Reducing Gun Violence with Technology

Last week in San Diego, thousands of high-ranking police assembled for the annual International Association of Chiefs of Police (IACP) in San Diego, California.

Amid the speeches and lectures, there was a presentation moderated by former ATF SAC Pete Gagliardi titled Gun Violence: A Three-Pronged Attack. Based on Gagliardi’s white paper Spears of the Trident, this panel presentation featured speakers that described their real-life experiences with three distinct softwares that can combine to become a powerful force for law enforcement agencies wanting to combat gun crime.

white-paper-chartThe first software is ShotSpotter, a real-time gunshot detection and location system. Mark Jones, a retired ATF agent, is currently the senior Director of Customer Success for ShotSpotter. He described how ShotSpotter Flex is being used in neighborhoods where shootings are not reported. When ShotSpotter alerts police to a shooting and provides its location, not only is evidence collected, but the public is reassured that their community is being looked after.

With evidence in hand that would have otherwise never been collected, forensic personnel can then move forward with the investigation, explained Major Geoffrey Noble from the New Jersey State Police. The NJSP uses IBIS TRAX-HD3D, a system that forms the backbone of the National Integrated Ballistics Network (NIBIN). Forensics enters spent cartridge casings into IBIS/NIBIN. Evidence is collected in a massive database and instantly compared to other pieces of evidence. Likely matches to a gun, or other case are then flagged, thus providing an investigative lead.

New Jersey is leading the country in their innovative approach to gun violence. The state has put into effect a comprehensive crime gun protocol that requires police to process firearm evidence in as short a delay as possible – and not just some evidence, all of it.

To help accomplish this, the NJSP turned to GunOps – a web-based gun crime tracking system that both facilitates investigations and collaboration. Rocky Edwards, a retired Federal Agent with the U.S. Army CID and a certified forensic science expert, and currently the chairman of the company, created GunOps to not only help forensic personnel, but investigators too. “Because GunOps can be connected to IBIS, and its web-based, it lets everyone read off the same page.

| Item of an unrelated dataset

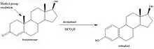 Steroidal aromatase inhibitors are a class of drugs that are mostly used for treating breast cancer in postmenopausal women. High levels of estrogen in breast tissue increases the risk of developing breast cancer and the enzyme aromatase is considered to be a good therapeutic target when treating breast cancer due to it being involved in the final step of estrogen biosynthetic pathway and also its inhibition will not affect production of other steroids. Aromatase Inhibitors are classified into two categories based on their structure, nonsteroidal and steroidal; the latter resemble the structure of androstenedione.[1] Steroidal aromatase inhibitors irreversibly inhibit the enzyme by binding covalently to the binding site of aromatase so the substrate cannot access it.[2]
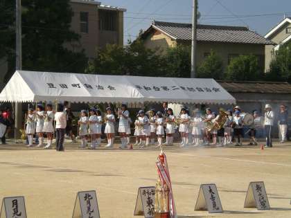 本日(10/11),秋晴れのもとに桂学区民体育祭が盛大に行われました。金管バンドの先導で各町内チームの行進が始り,開会式では前年度優勝の町内より優勝旗返還などがありました。

Whether you’re an examiner looking for evidence in a hotspot, an investigator looking for investigative leads, or the chief wanting a big picture view of crime in your city, GunOps gives you what you need.”

These three technologies can provide law enforcers with real-time intelligence that offers tactical and strategic value and help solve gun crimes faster.  Not only do each of these softwares bring value to investigators, but they leverage each other as well.

  • Because of ShotSpotter, the crimes and evidence that would otherwise go unnoticed is now able to be collected and analyzed using GunOps and IBIS.
  • The crime scene and forensic data compiled and presented by GunOps is of great value to investigators in terms of intelligence and to firearm examiners as they manage their evidence workloads.
  • The links and leads provided by IBIS help advance investigations to identify and stop armed criminals.

Gagliardi closed the panel by invoking the purpose of the ancient weapon.  “What if we re-wrote the story – and replaced the three spears of the Trident with IBIS, GunOps and ShotSpotter – maybe we could use it to rattle the underworld of gun violence and restore peace.